-- SUPPLIED MATERIAL follows --
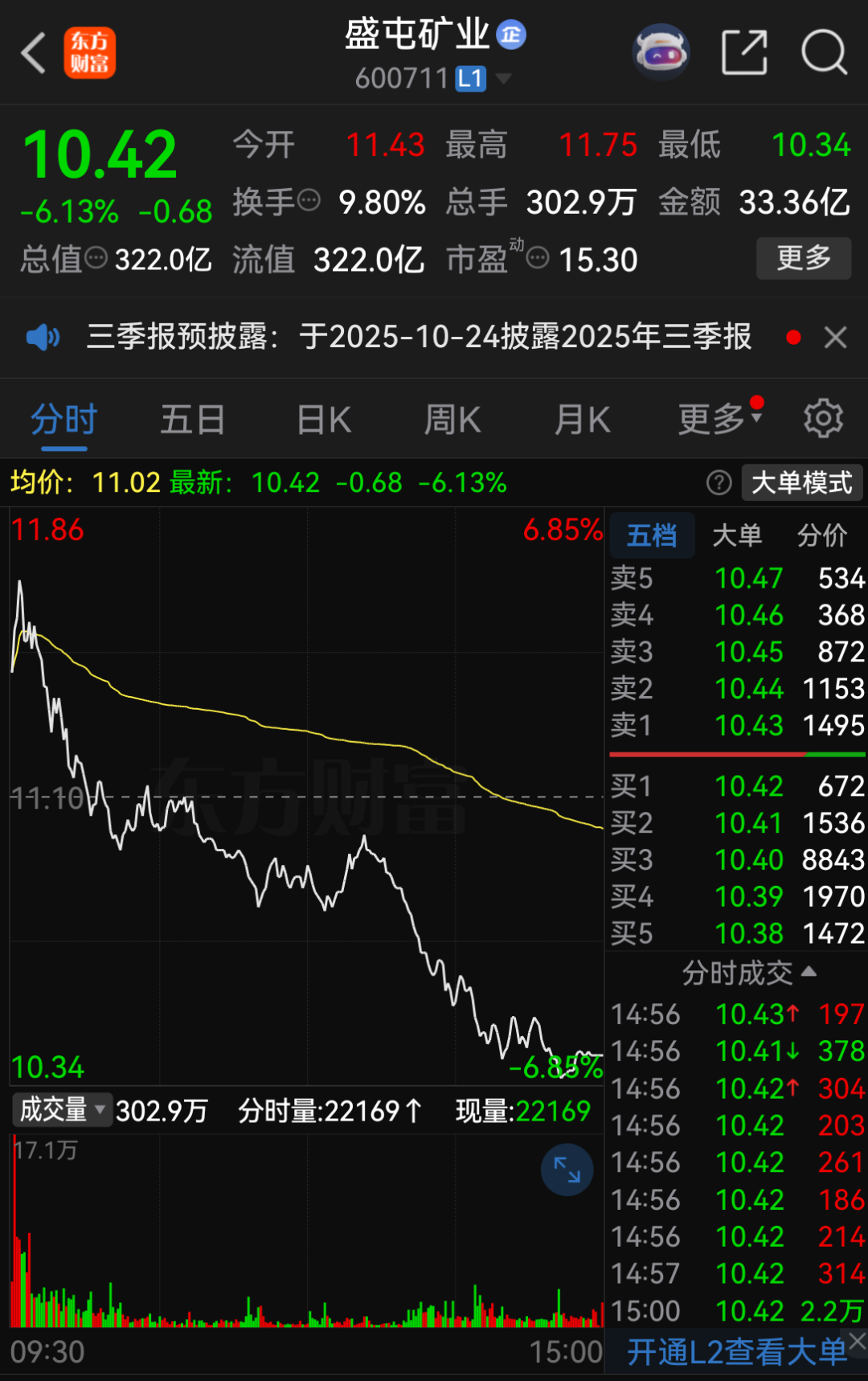 截至10月14日收盤,盛屯礦業(yè)股價報10.42元/股,跌幅6.13%,總市值322億元。
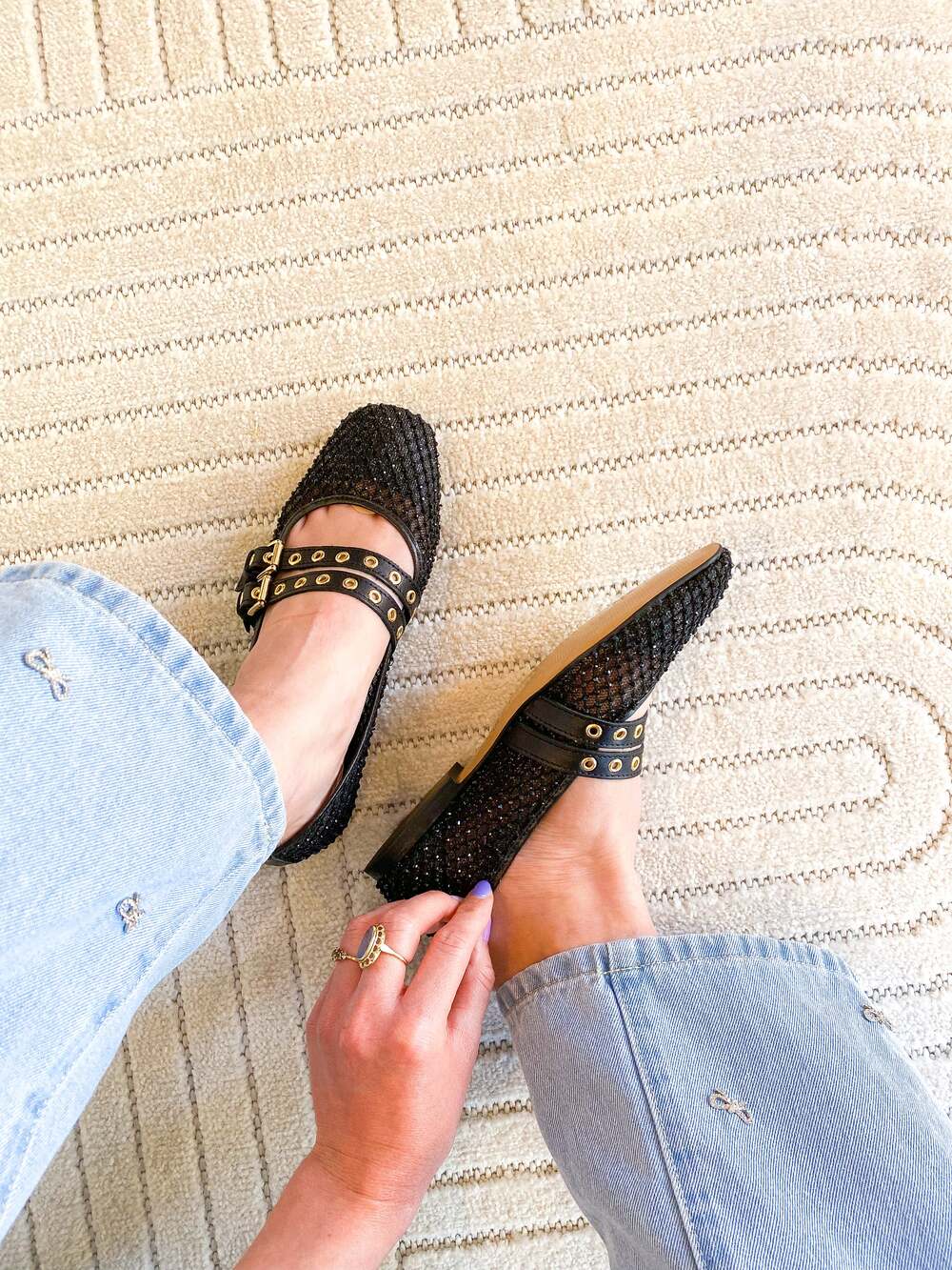 De Valletta loafer met steentjes en gouden gespen is nieuw bij DWRS. Deze elegante loafer kun je stijlen onder een lange rok of onder je favoriete broek. De loafer is aan de buitenzijde gemaakt van mesh stof en aan de binnenzijde gemaakt van leer.
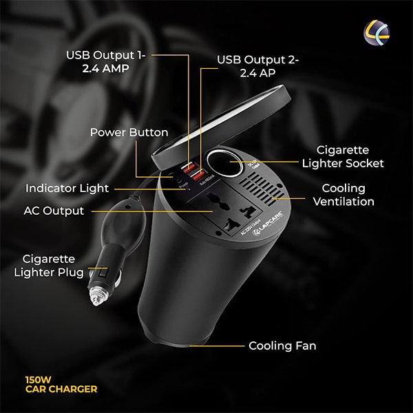 - Provided with cooling fan and universal socket with Cigarette Lighter Socket with 2 USB Port
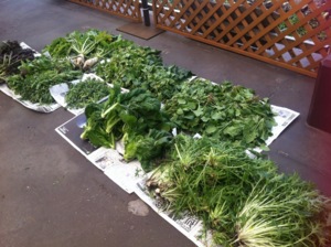 三池高菜、こぶ高菜、かつお菜、水菜、からし菜、わさび菜、ほうれん草、大根、春菊などなど。
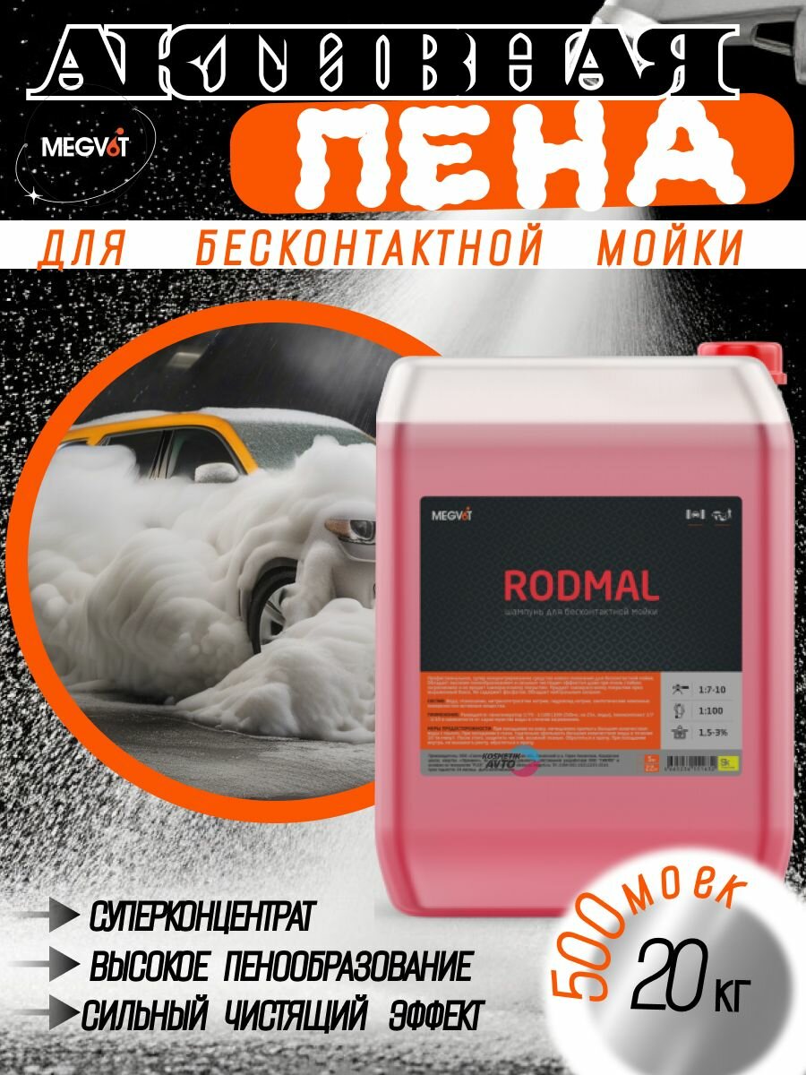 MEGVIT Автошампунь для бесконтактной мойки / активная пена Rodmal 20 кг интересное:
-- SUPPLIED MATERIAL concluded --
WHAT IS EXPECTED: Would you copy out every line of the data above exactly, minus the pictures?

SOLVED EXERCISE:
 截至10月14日收盤,盛屯礦業(yè)股價報10.42元/股,跌幅6.13%,總市值322億元。
 De Valletta loafer met steentjes en gouden gespen is nieuw bij DWRS. Deze elegante loafer kun je stijlen onder een lange rok of onder je favoriete broek. De loafer is aan de buitenzijde gemaakt van mesh stof en aan de binnenzijde gemaakt van leer.
 - Provided with cooling fan and universal socket with Cigarette Lighter Socket with 2 USB Port
 三池高菜、こぶ高菜、かつお菜、水菜、からし菜、わさび菜、ほうれん草、大根、春菊などなど。
 MEGVIT Автошампунь для бесконтактной мойки / активная пена Rodmal 20 кг интересное:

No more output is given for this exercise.